In de niet door partijen ondertekende schriftelijke arbeidsovereenkomst is wat betreft pensioenvoorzieningen slechts opgenomen de bepaling :

“Pensioenvoorzieningen worden gerealiseerd volgens afspraak vanaf ingang dienstverband via ons tussenpersoon Combined Zoeterwoude waarvan de door werkgeefster ontvangen gegevens ook de werknemer informatie ontvangt.”

[eiser] heeft nooit nadere informatie ontvangen gedurende de arbeidsovereenkomst over wat er met het per maand ingehouden bedrag ad € 250,00 is gebeurd. Daarom stelt hij zich primair op het standpunt dat hij totaal € 6.750,00 bruto onverschuldigd aan [gedaagde] heeft betaald, subsidiair dat [gedaagde] een bedrag van

€ 3.602,00 bruto onterecht heeft ingehouden en meer subsidiair dat [gedaagde] aan [eiser] in elk geval een bedrag van € 3.602,00 onverschuldigd aan [gedaagde] heeft betaald en [gedaagde] dit bedrag terug dient te betalen aan [eiser] .

4 Het verweer in conventie en de eis in reconventie

4.1.

Volgens [gedaagde] is zij niets meer aan [eiser] verschuldigd maar is [eiser] aan [gedaagde] , na een herberekening bij de laatste akte van [gedaagde] op 19 juni 2019, nog

€ 2.393,98 netto verschuldigd.

[gedaagde] komt daartoe vanwege de volgende berekening (productie 11 bij haar laatste akte).

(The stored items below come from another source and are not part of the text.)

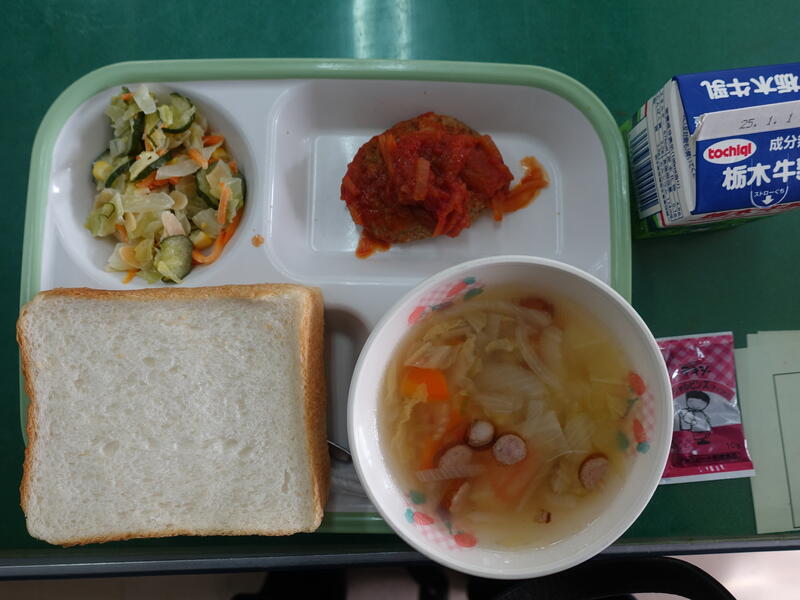 食パン、チョコ大豆、牛乳、ハンバーグのトマトソースかけ、コールスローサラダ、ウインナーと野菜のスープ
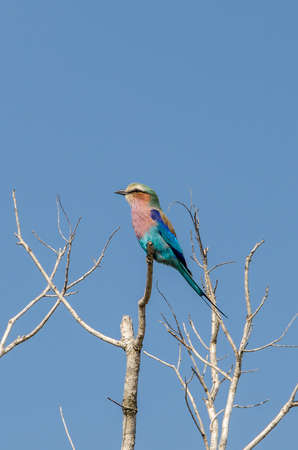 Lilac-breasted roller (Coracias caudatus) sitting on a dry tree
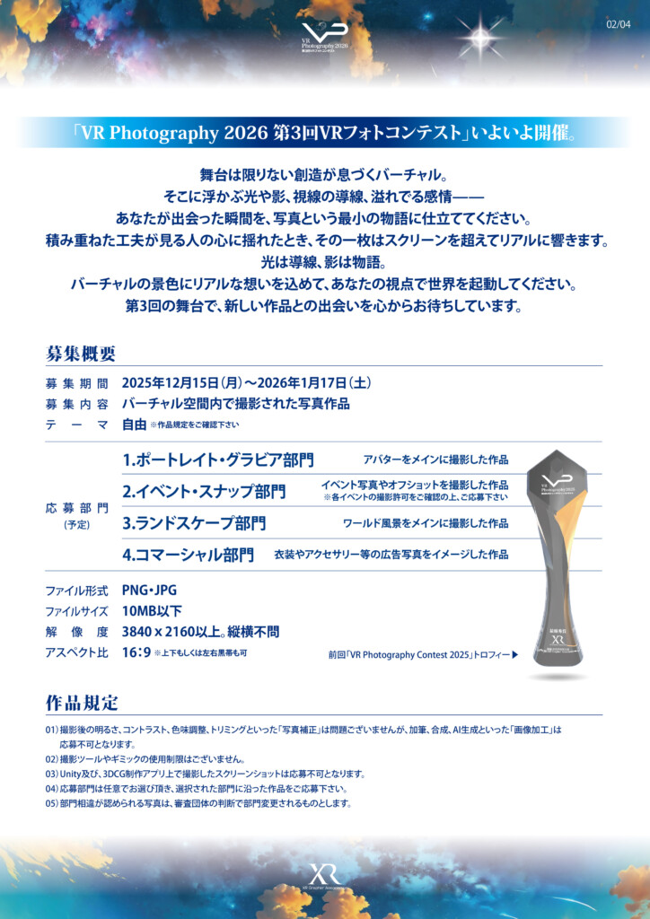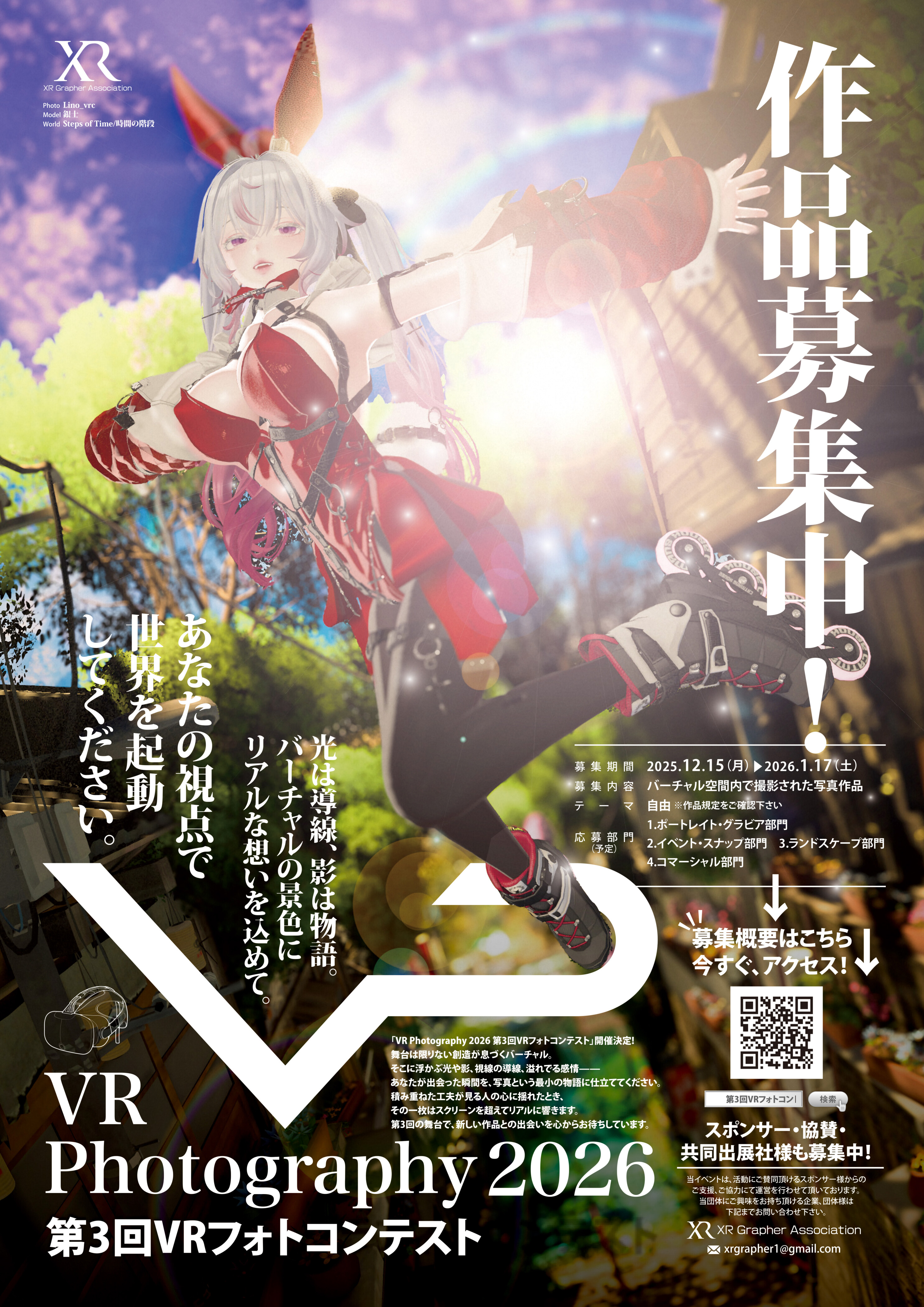 XR Grapher Associationは、2025年12月15日(月)から2026年1月17日(土)まで、「VR Photography 2026 第3回VRフォトコンテスト」を開催することを発表しました。
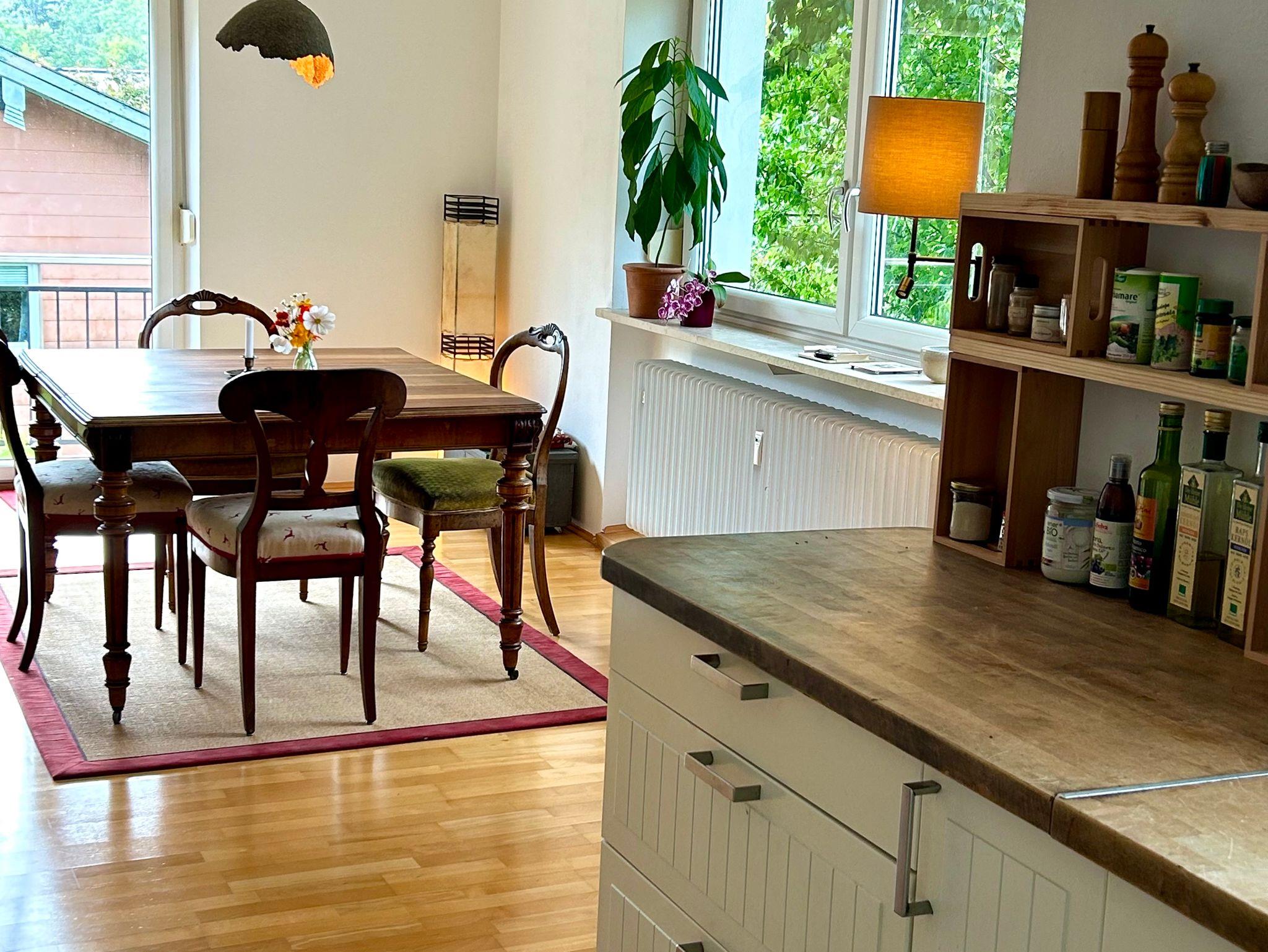 in der sonnigen Wohnung fällt die morgentliche Sonne als erstes auf den Balkon. Am Abend wirft der Sonnenuntergang seine letzten Strahlen in den Wohnbereich. Die Küche ist mit einem modernen Gasofen, Elektrobackofen und Kochutensilien wunderbar zum Kochen geeignet. Eine eingebaute Wasserverwirblung in Küche und Bad sorgt für lebendig strukturiertes Wasser. Der Holzofen lässt an kalten Tagen die Gemütlichkeit genießen.
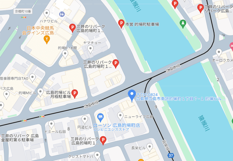 〒732-0824 広島県広島市南区的場町1丁目7−1 的場ビル 2階コチラ
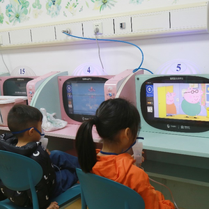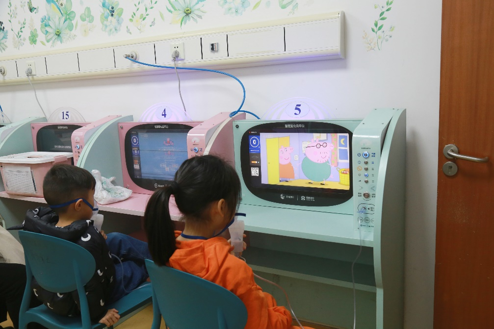 患儿正在雾化室进行雾化治疗。新华社发(张珺洁 摄)
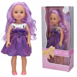 Urocza lalka w fioletowym kolorze o wysokości 35 cm ucieszy każde dziecko. W zestawie znajduje się szczotka do włosów, dzięki której można łatwo czesać fryzury i rozwijać dziecięcą wyobraźnię.
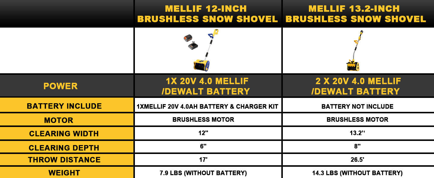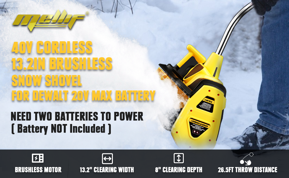 Pelle à neige Mellif 13,2'' 40V, compatible avec batterie Dewalt (batterie non incluse)
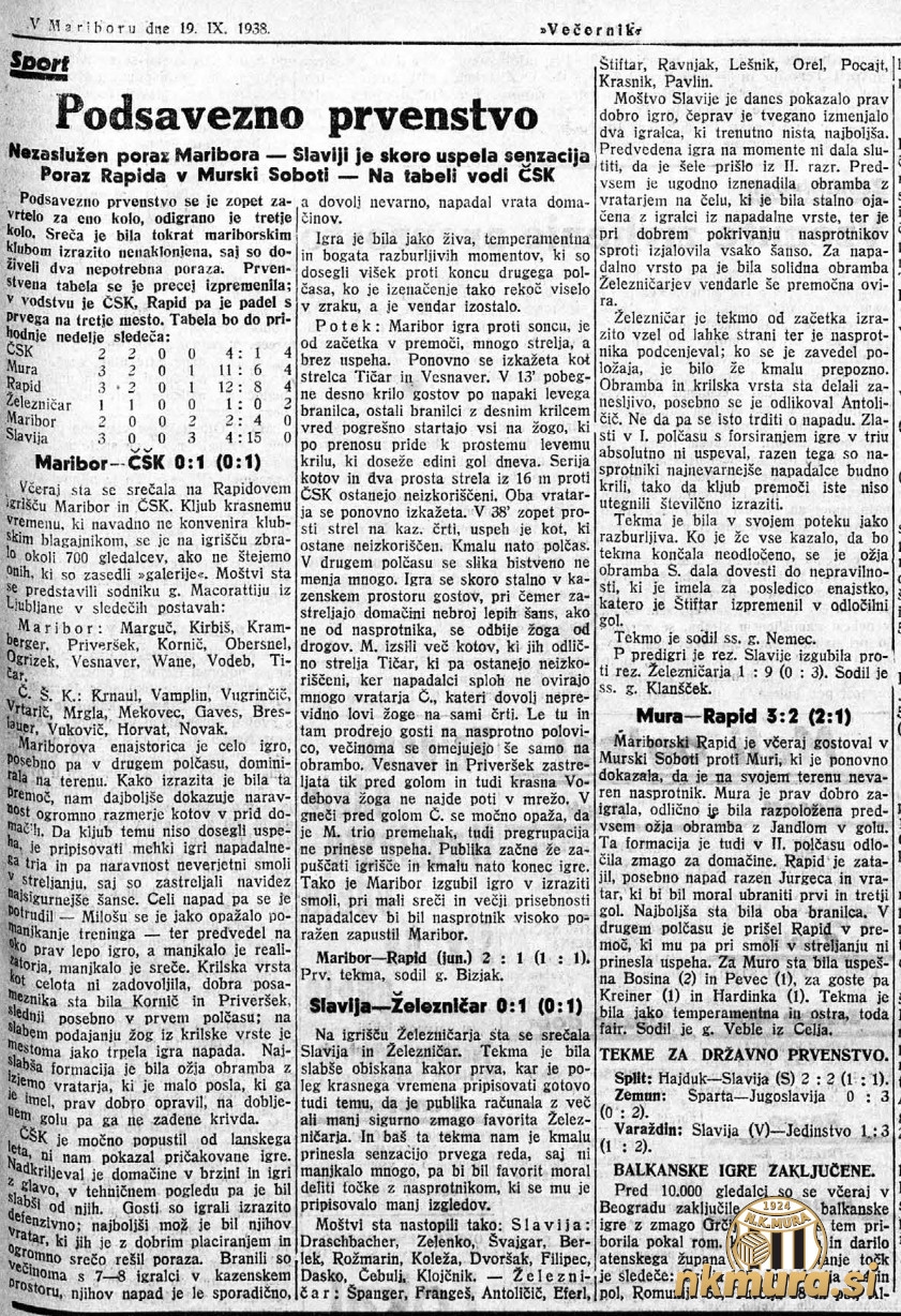 1. Čakovečki 2 2 0 0 4:1 4 2. Mura 3 2 0 1 11:6 4 3. Rapid 3 2 0 1 12:8 4 4. Železničar 1 1 0 0 1:0 2 5. Maribor 2 0 0 2 2:4 0 6. Slavija 3 0 0 3 4:15 0

[gedaagde] is aan [eiser] nog € 2.144,84 bruto schuldig aan vakantietoeslag en [gedaagde] brengt daarop de volgens haar door [eiser] te veel opgenomen verlofuren ad

€ 1.581,48 bruto in mindering. Dan blijft over € 563,36 bruto dat [gedaagde] nog verschuldigd is aan [eiser] .

Wat betreft pensioenpremie heeft [gedaagde] € 6.500,00 bruto op het salaris van [eiser] ingehouden en aan Zwitserleven € 3.967,55 bruto afgedragen. Dan blijft over een bedrag van € 2.532,45 bruto dat [gedaagde] nog aan [eiser] verschuldigd is.

Totaal komt dit volgens [gedaagde] neer op € 3.095,36 bruto en € 1.570,90 netto.

Volgens [gedaagde] dient [eiser] op grond van het tussen partijen geldende studiekostenbeding evenwel nog € 3.964,88 netto aan studiekosten terug te betalen (75% van € 2.422,50 en 100% van € 2.148,00) en daarom is [eiser] aan [gedaagde] per saldo nog € 2.393,98 netto verschuldigd.

In de tekst van de niet door partijen getekende maar wel tussen partijen geldende arbeidsovereenkomst is in artikel 12 immers een duidelijk studiekostenbeding opgenomen op grond waarvan [eiser] in dit geval de studiekosten van de twee door hem gevolgde cursussen aan [gedaagde] dient terug te betalen.

4.2.

In reconventie vordert [gedaagde] na vermeerdering van eis bij haar laatste akte conform productie 11 om [eiser] bij vonnis voor zover mogelijk uitvoerbaar bij voorraad te veroordelen tot betaling aan [gedaagde] van € 2.393,98 netto te vermeerderen met de wettelijke rente vanaf 1 april 2018 en de kosten van het geding.

4.3.

Aan deze vordering legt [gedaagde] feitelijk hetzelfde ten grondslag als hetgeen zij ten grondslag heeft gelegd aan haar beroep op verrekening in conventie.

5 Het verweer in reconventie

Op de vermeerderde eis heeft [eiser] nog niet kunnen reageren omdat de zaak na de antwoordakte van [gedaagde] meteen voor vonnis is gezet.

6 De beoordeling in conventie en reconventie

6.1.

De vorderingen in conventie en reconventie hangen zo nauw met elkaar samen dat zij gezamenlijk behandeld kunnen worden.

6.2.

Hoewel [eiser] nog niet heeft kunnen reageren op de vermeerdering van eis in reconventie, komt de kantonrechter voorshands en voorlopig tot de conclusie dat deze vermeerdering van eis niet in strijd komt met een goede procesorde.

Ter comparitie is immers met beide partijen afgesproken dat zij hun standpunten met duidelijke en concrete berekeningen zouden onderbouwen.

De (rechts)vragen die partijen verdeeld houden zijn hierdoor niet anders geworden.

6.3.

In de kern gaat het om het antwoord op de vragen:

dient [eiser] de door [gedaagde] gevorderde studiekosten aan [gedaagde] terug te betalen;

wat is rechtens de situatie met betrekking tot de inhouding van 250,00 bruto per maand die [gedaagde] gedurende de arbeidsovereenkomst onder vermelding van “Pensioen” op de loonstroken van [eiser] heeft gedaan;

heeft een van partijen nog een vordering op de ander in verband met al dan niet door [eiser] genoten verlofdagen.

6.4.

Eerst wordt ingegaan op de door [gedaagde] gevorderde studiekosten.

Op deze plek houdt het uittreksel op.